Chacun voit midi à sa porte. Pour Nicolas Sarkozy, le bilan de la loi de sécurité intérieure, votée le 18 mars 2003, est positif. Pour les prostituées et les associations qui les épaulent, il est désastreux. Le ministre de l'Intérieur voulait balayer les trottoirs. Mission accomplie: les filles se sont rabattues sur les bois, les parkings et les abords des autoroutes, où elles tapinent dans la nuit noire, outre les saunas et les sous-sols de discothèque. Passibles de deux mois de prison et de 3 750 euros d'amende pour racolage - désormais considéré comme un délit - les prostituées, devenues délinquantes, se terrent. Du coup, clients et policiers se croient tout permis.
Dans un rapport remis à la mairie de Paris, Janine Mossuz-Lavau, directrice de recherche au CNRS, cite de nombreux témoignages de péripatéticiennes de la capitale évoquant des courses-poursuites avec plaquages au sol, des gazages à la bombe lacrymogène, voire du chantage sexuel de la part des agents… «Loin de protéger les personnes prostituées, la loi les met en danger», tranche la sociologue. Pourtant, si les PV pleuvent, les condamnations sont rarissimes. Car la sanction importe moins que la crainte qu'elle suscite, semblent penser les juges avec Nicolas Sarkozy. Le ministre de l'Intérieur se veut pragmatique. Et ça marche. Harcelées, soumises à des gardes à vue de quarante-huit heures, les jeunes femmes embrigadées par les mafias finissent parfois par accepter le donnant-donnant prévu par la loi: un nom contre des papiers.
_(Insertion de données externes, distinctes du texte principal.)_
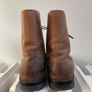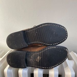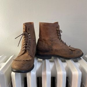 Thick tan leather authentic riding boots - used for streetwear only. Justin or Laredo style with the fringe on the toe. Beautiful patina.
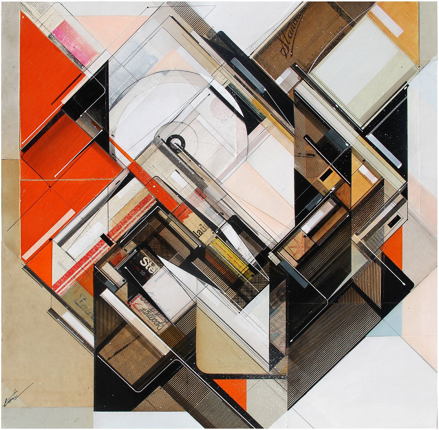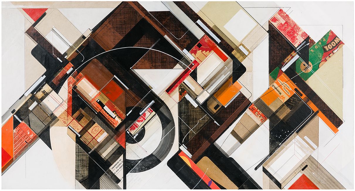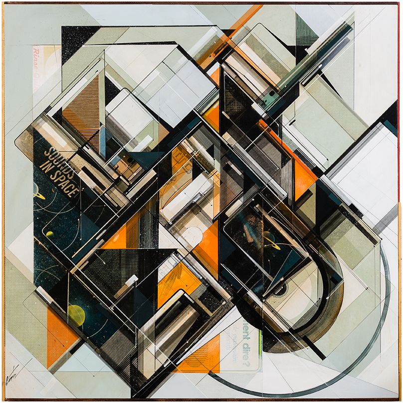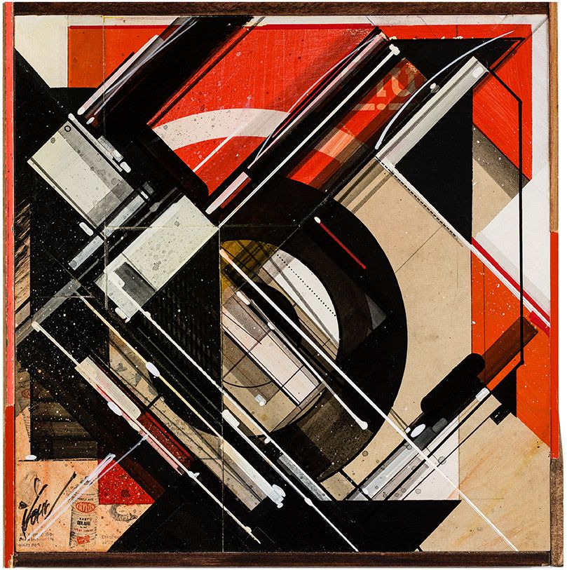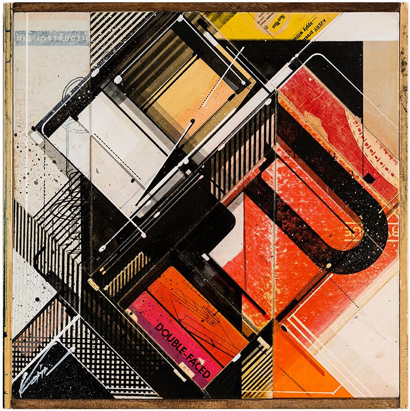 In this work he recycles items from the 1950’s-1980’s inventories, found while scouring the contents of Los Angeles estate sales. To come up with a geometric art work made up of lines and different geometric shapes; neatly put together making it close to a detailed architectural drawing.

150 étrangères - dont 90 «Parisiennes» - ont ainsi obtenu un titre de séjour provisoire et un permis de travail en échange de l'identité de leur(s) tortionnaire(s). 22 réseaux ont été démantelés, dont 15 à Paris, où triment la moitié des 15 000 à 18 000 prostituées - bulgares et nigérianes notamment - recensées par l'Office central pour la répression de la traite des êtres humains.
Pour les victimes «repenties», le tableau est plus contrasté. Seules 57 d'entre elles ont bénéficié du dispositif Ac-sé, chargé de placer les filles des réseaux dans des centres d'hébergement éloignés de leur lieu d'exploitation. Les autres ont croisé la route de travailleurs sociaux ou se sont tout bonnement volatilisées. Loin des grands boulevards.